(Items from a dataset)
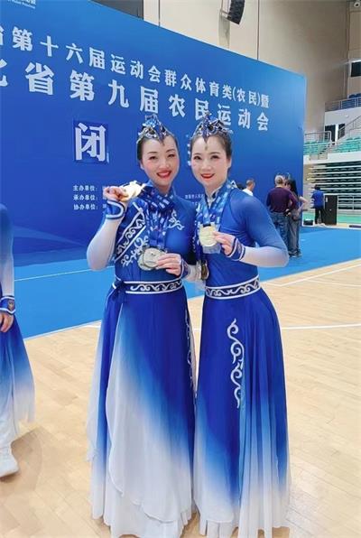 熱烈祝賀謝芳同志(照片中第一排從左到右第三位)在湖北省第十六屆運動會群眾類(農(nóng)民)健身操團體比賽中獲得一枚金牌,四枚銀牌,團體總分第一的優(yōu)異成績。
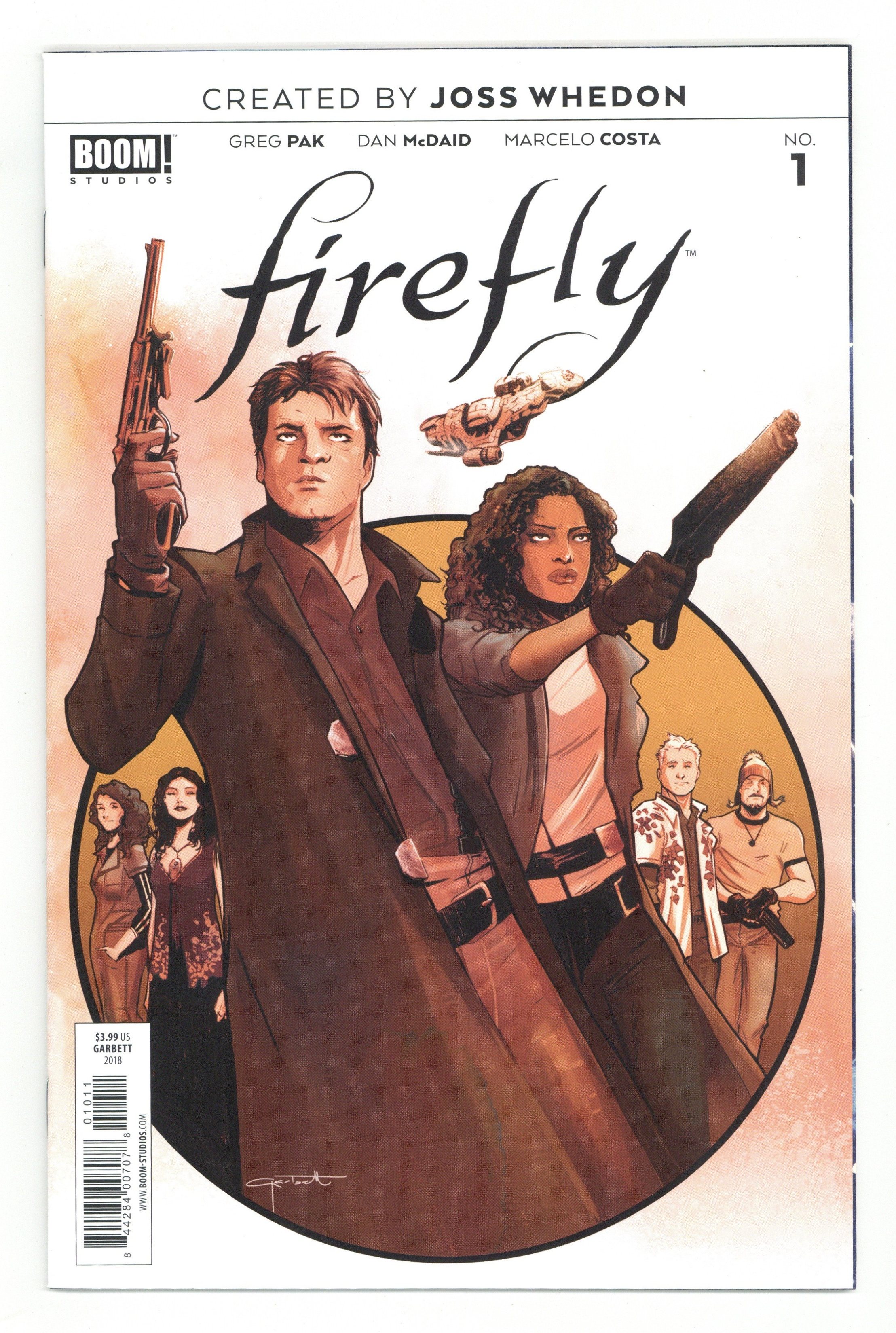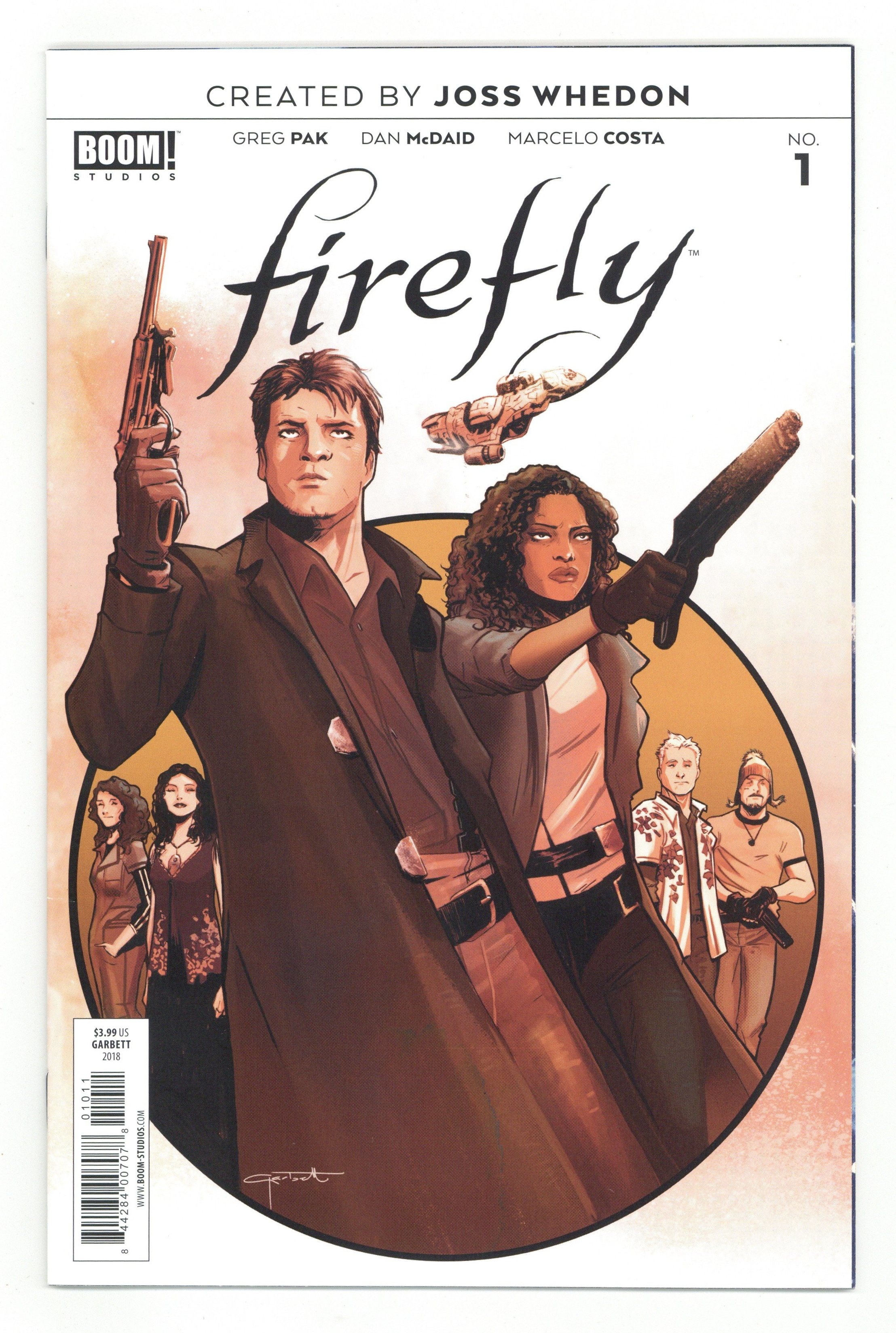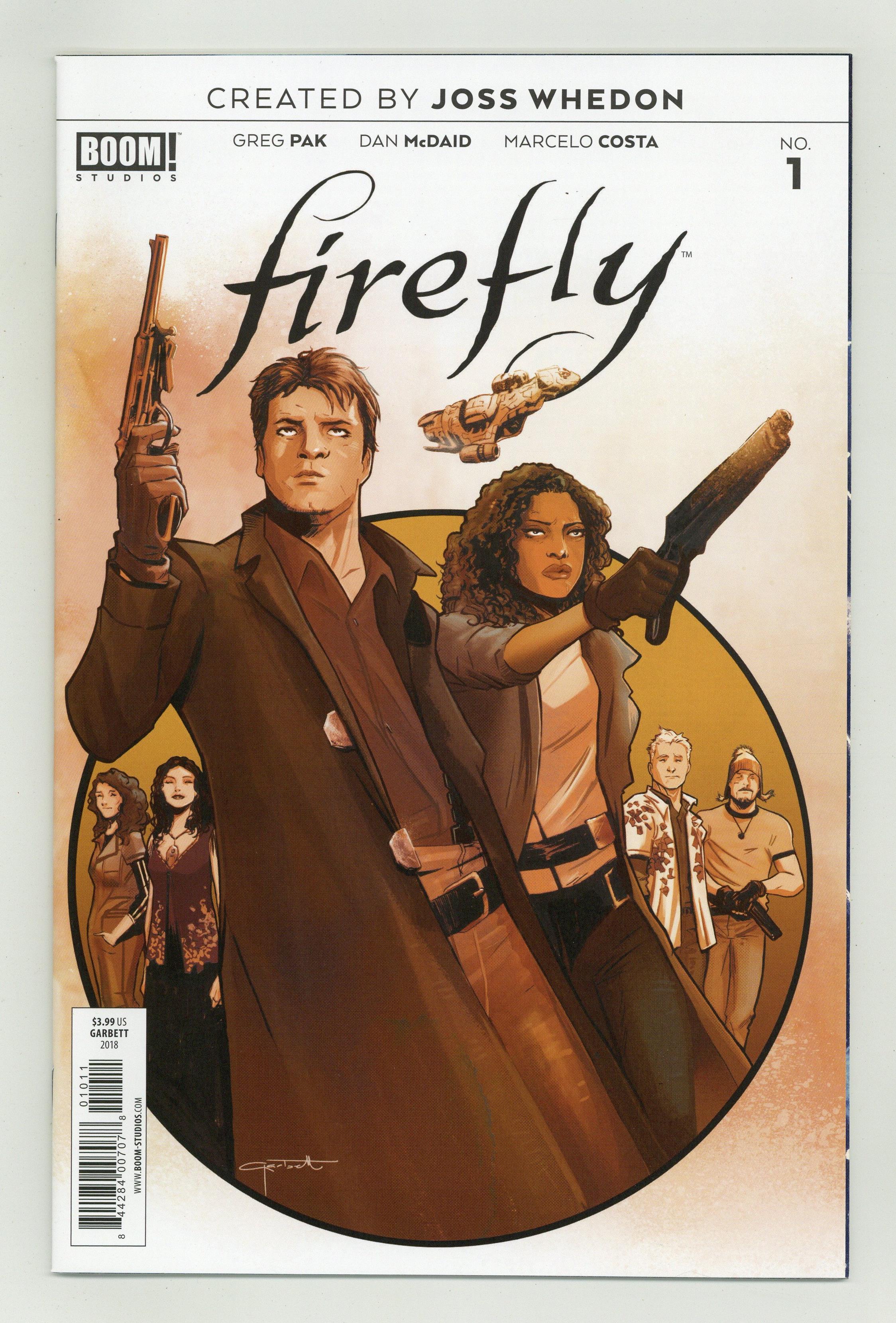 Published Nov 2018 by Boom Studios.$4.80Written by Greg Pak. Art by Dan McDaid. Cover by Lee Garbett. BOOM! Studios, along with visionary writer and director Joss Whedon (Buffy the Vampire Slayer, The Avengers), presents an all-new era of the pop culture phenomenon Firefly , as one of the most demanded stories in the franchise's history is revealed for the first time! Captain Malcolm 'Mal' Reynolds, a defeated soldier who opposed the unification of the planets by the totalitarian governed Alliance, will undertake any job-legal or not-to stay afloat and keep his crew fed. Find out now how his story began as BOOM! Studios delves into Mal's past, how he met his first mate Zoe and the real truth about the War of Unification.the intergalactic civil war that divided friend and family alike. Focusing on family, loyalty, identity, and the price of redemption, writer Greg Pak (Mech Cadet Yu, Totally Awesome Hulk) and artist Dan McDaid (Judge Dredd: Mega City Zero) take you back to the battleground where Mal's journey began. 32 pages, full color. Cover price $3.99.
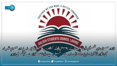 بلوچ اسٹوڈنٹ کونسل لاہور کے ترجمان نے بلوچ طلباء کے ہاسٹلز میں چھاپوں اور طلباء کے اغوا کاریوں پر تشویش کا اظہار کرتے ہوئے کہا کہ گزشتہ شب سے لاہور میں زیرِ تعلیم بلوچ طلباء کے ہاسٹلز میں چھاپے لگائے جا رہے ہیں ۔
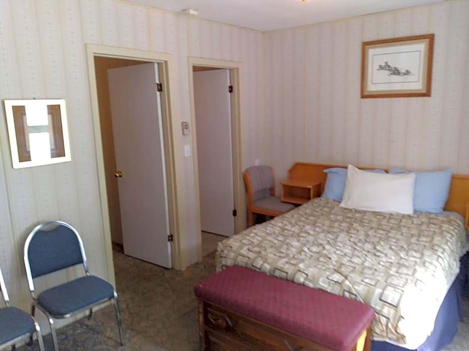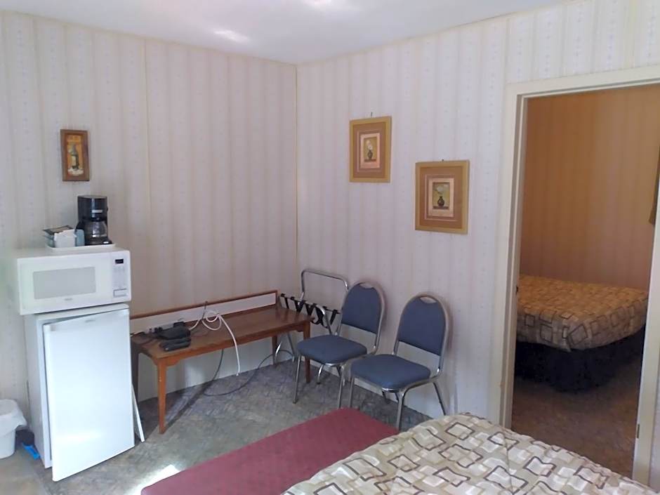 This room is located at ground level with parking directly in front of the room. It provides one separate bedroom, with a double bed. This room has cable TV, a large wall-mounted fan, a kitchenette and a small fridge and a coffee maker. The kitchenette provides both eating and cooking utensils. The bathroom has a shower. This room is dated and worn, but clean.
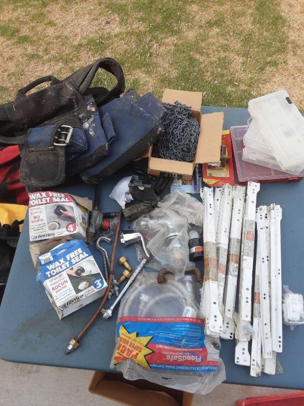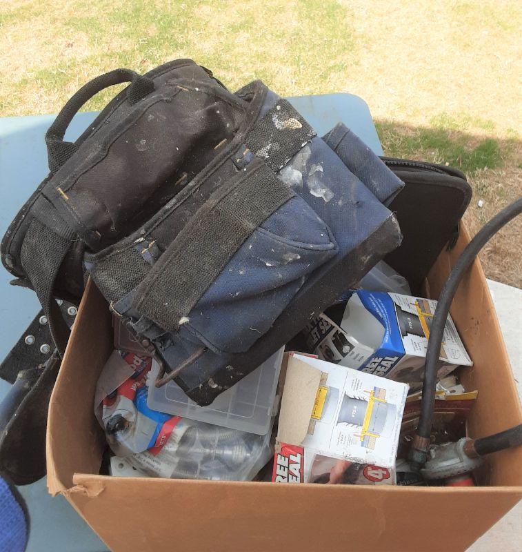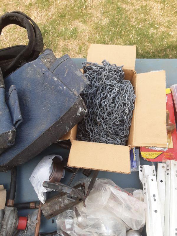 Box of Workbelt, chains, drawer slides, parts storage bins, battery cut-off switch, parts, etc. as shown
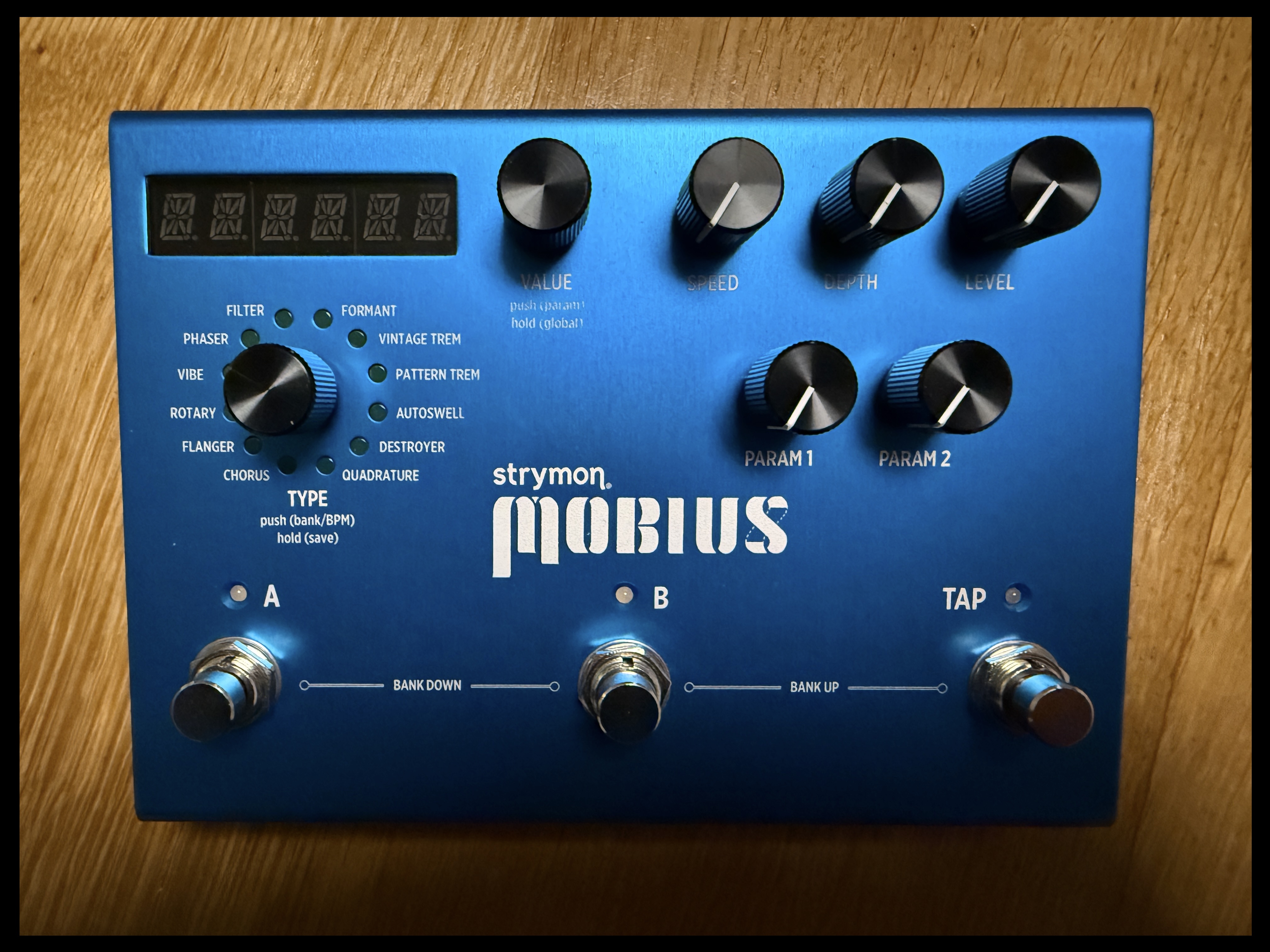 Le Strymon Mobius regroupe douze effets de modulation indispensables, sachant que pour chacun de ces effets il peut y avoir plusieurs modes de fonctionnements, comme pour le Chorus qui a cinq modes différents ou le Flanger qui en a six. On trouve aussi un Rotary (Leslie), une Uni-Vibe, un phaser, un filtre, un trémolo vintage et un autoswell (qui coupe l’attaque puis remonte progressivement le son), et quatre programmes plus rares et expérimentaux.

Your assignment:
Could you retype the records above exactly, omitting the pictures?

Exercise solution:
 熱烈祝賀謝芳同志(照片中第一排從左到右第三位)在湖北省第十六屆運動會群眾類(農(nóng)民)健身操團體比賽中獲得一枚金牌,四枚銀牌,團體總分第一的優(yōu)異成績。
 Published Nov 2018 by Boom Studios.$4.80Written by Greg Pak. Art by Dan McDaid. Cover by Lee Garbett. BOOM! Studios, along with visionary writer and director Joss Whedon (Buffy the Vampire Slayer, The Avengers), presents an all-new era of the pop culture phenomenon Firefly , as one of the most demanded stories in the franchise's history is revealed for the first time! Captain Malcolm 'Mal' Reynolds, a defeated soldier who opposed the unification of the planets by the totalitarian governed Alliance, will undertake any job-legal or not-to stay afloat and keep his crew fed. Find out now how his story began as BOOM! Studios delves into Mal's past, how he met his first mate Zoe and the real truth about the War of Unification.the intergalactic civil war that divided friend and family alike. Focusing on family, loyalty, identity, and the price of redemption, writer Greg Pak (Mech Cadet Yu, Totally Awesome Hulk) and artist Dan McDaid (Judge Dredd: Mega City Zero) take you back to the battleground where Mal's journey began. 32 pages, full color. Cover price $3.99.
 بلوچ اسٹوڈنٹ کونسل لاہور کے ترجمان نے بلوچ طلباء کے ہاسٹلز میں چھاپوں اور طلباء کے اغوا کاریوں پر تشویش کا اظہار کرتے ہوئے کہا کہ گزشتہ شب سے لاہور میں زیرِ تعلیم بلوچ طلباء کے ہاسٹلز میں چھاپے لگائے جا رہے ہیں ۔
 This room is located at ground level with parking directly in front of the room. It provides one separate bedroom, with a double bed. This room has cable TV, a large wall-mounted fan, a kitchenette and a small fridge and a coffee maker. The kitchenette provides both eating and cooking utensils. The bathroom has a shower. This room is dated and worn, but clean.
 Box of Workbelt, chains, drawer slides, parts storage bins, battery cut-off switch, parts, etc. as shown
 Le Strymon Mobius regroupe douze effets de modulation indispensables, sachant que pour chacun de ces effets il peut y avoir plusieurs modes de fonctionnements, comme pour le Chorus qui a cinq modes différents ou le Flanger qui en a six. On trouve aussi un Rotary (Leslie), une Uni-Vibe, un phaser, un filtre, un trémolo vintage et un autoswell (qui coupe l’attaque puis remonte progressivement le son), et quatre programmes plus rares et expérimentaux.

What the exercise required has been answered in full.